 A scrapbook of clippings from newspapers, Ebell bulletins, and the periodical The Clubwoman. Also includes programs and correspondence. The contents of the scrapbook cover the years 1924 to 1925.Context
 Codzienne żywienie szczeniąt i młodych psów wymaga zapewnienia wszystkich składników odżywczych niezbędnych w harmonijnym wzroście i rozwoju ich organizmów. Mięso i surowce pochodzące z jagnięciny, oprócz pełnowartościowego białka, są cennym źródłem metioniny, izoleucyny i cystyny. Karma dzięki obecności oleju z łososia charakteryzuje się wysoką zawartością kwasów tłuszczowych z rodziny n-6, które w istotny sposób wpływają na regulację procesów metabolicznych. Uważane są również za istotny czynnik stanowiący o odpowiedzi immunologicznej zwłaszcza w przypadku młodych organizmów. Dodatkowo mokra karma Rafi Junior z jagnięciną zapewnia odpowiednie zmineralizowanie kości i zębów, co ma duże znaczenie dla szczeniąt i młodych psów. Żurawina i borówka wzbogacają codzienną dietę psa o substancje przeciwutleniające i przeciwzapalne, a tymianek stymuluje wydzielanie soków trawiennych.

--

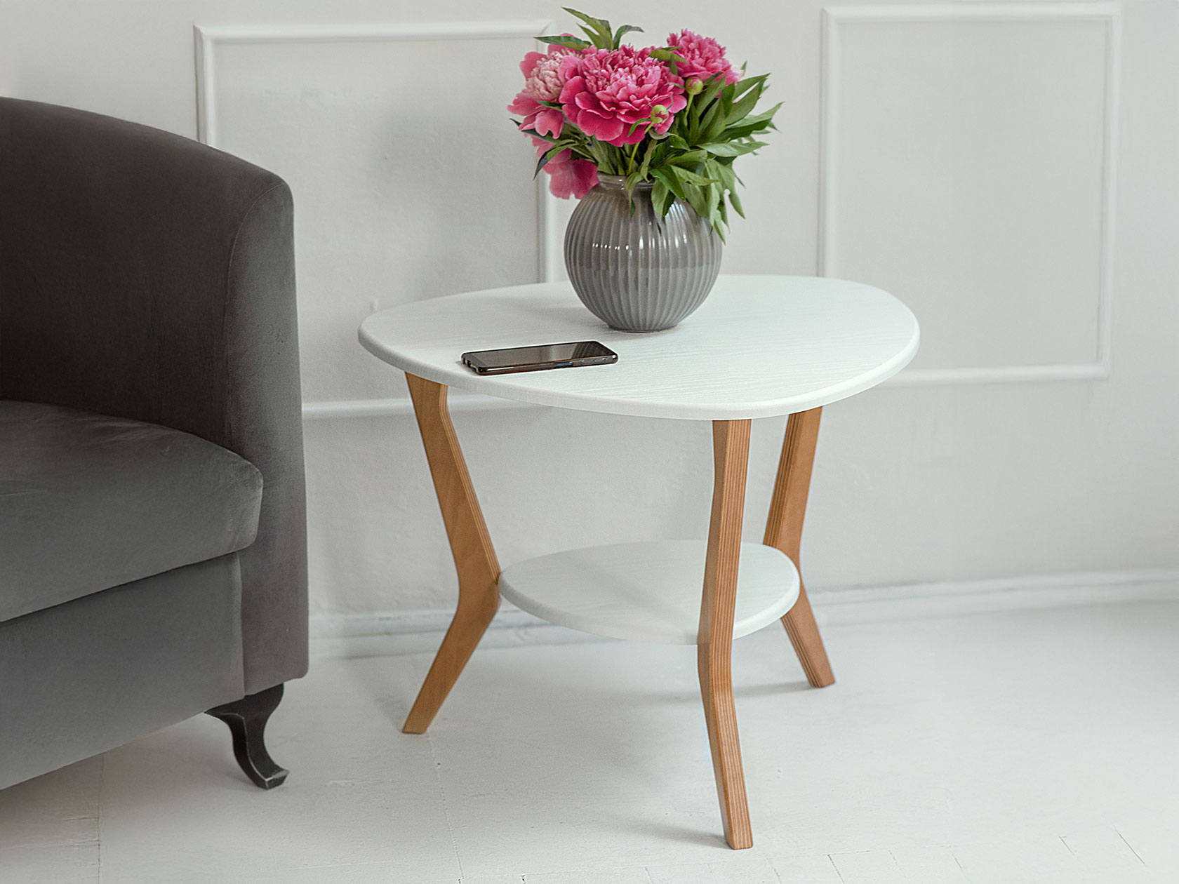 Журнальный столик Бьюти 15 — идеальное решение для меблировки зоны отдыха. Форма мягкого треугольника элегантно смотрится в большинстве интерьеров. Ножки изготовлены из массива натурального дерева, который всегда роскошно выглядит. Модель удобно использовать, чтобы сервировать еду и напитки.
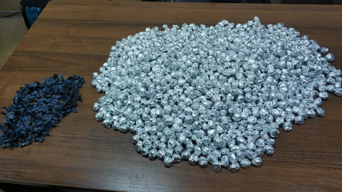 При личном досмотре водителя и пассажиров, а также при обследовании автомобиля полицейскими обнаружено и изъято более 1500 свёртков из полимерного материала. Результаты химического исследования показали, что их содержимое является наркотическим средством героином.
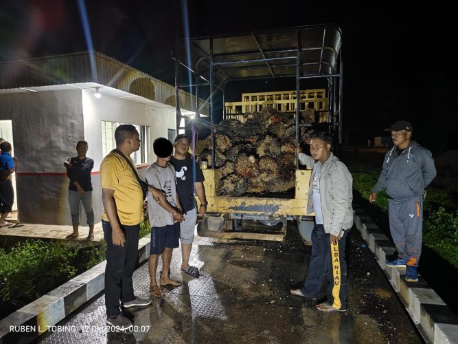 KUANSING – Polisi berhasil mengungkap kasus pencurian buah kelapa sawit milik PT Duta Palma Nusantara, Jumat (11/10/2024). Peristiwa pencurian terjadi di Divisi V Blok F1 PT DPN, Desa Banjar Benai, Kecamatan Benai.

--

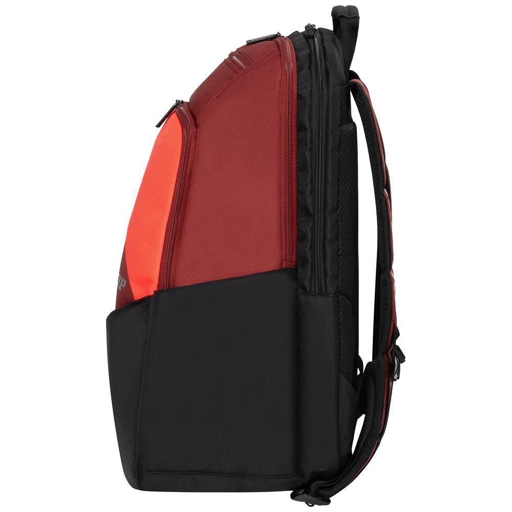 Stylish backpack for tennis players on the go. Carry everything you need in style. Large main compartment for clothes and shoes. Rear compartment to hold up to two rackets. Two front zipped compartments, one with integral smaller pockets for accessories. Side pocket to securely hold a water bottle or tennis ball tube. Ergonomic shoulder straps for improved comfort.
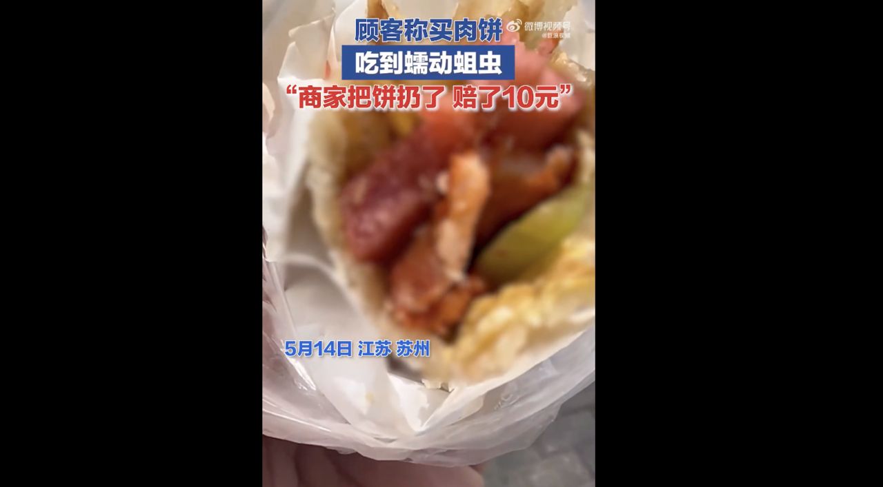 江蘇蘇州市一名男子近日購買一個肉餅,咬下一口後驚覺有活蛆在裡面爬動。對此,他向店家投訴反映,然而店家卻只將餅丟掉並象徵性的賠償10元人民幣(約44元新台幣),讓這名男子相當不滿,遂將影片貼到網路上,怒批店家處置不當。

▸ Exercise: Everything in the material above from the line that has "A scrapbook of" through the line that has "Codzienne żywienie szczeniąt" must be duplicated exactly, with no other lines given.

▸ Result:
 A scrapbook of clippings from newspapers, Ebell bulletins, and the periodical The Clubwoman. Also includes programs and correspondence. The contents of the scrapbook cover the years 1924 to 1925.Context
 Codzienne żywienie szczeniąt i młodych psów wymaga zapewnienia wszystkich składników odżywczych niezbędnych w harmonijnym wzroście i rozwoju ich organizmów. Mięso i surowce pochodzące z jagnięciny, oprócz pełnowartościowego białka, są cennym źródłem metioniny, izoleucyny i cystyny. Karma dzięki obecności oleju z łososia charakteryzuje się wysoką zawartością kwasów tłuszczowych z rodziny n-6, które w istotny sposób wpływają na regulację procesów metabolicznych. Uważane są również za istotny czynnik stanowiący o odpowiedzi immunologicznej zwłaszcza w przypadku młodych organizmów. Dodatkowo mokra karma Rafi Junior z jagnięciną zapewnia odpowiednie zmineralizowanie kości i zębów, co ma duże znaczenie dla szczeniąt i młodych psów. Żurawina i borówka wzbogacają codzienną dietę psa o substancje przeciwutleniające i przeciwzapalne, a tymianek stymuluje wydzielanie soków trawiennych.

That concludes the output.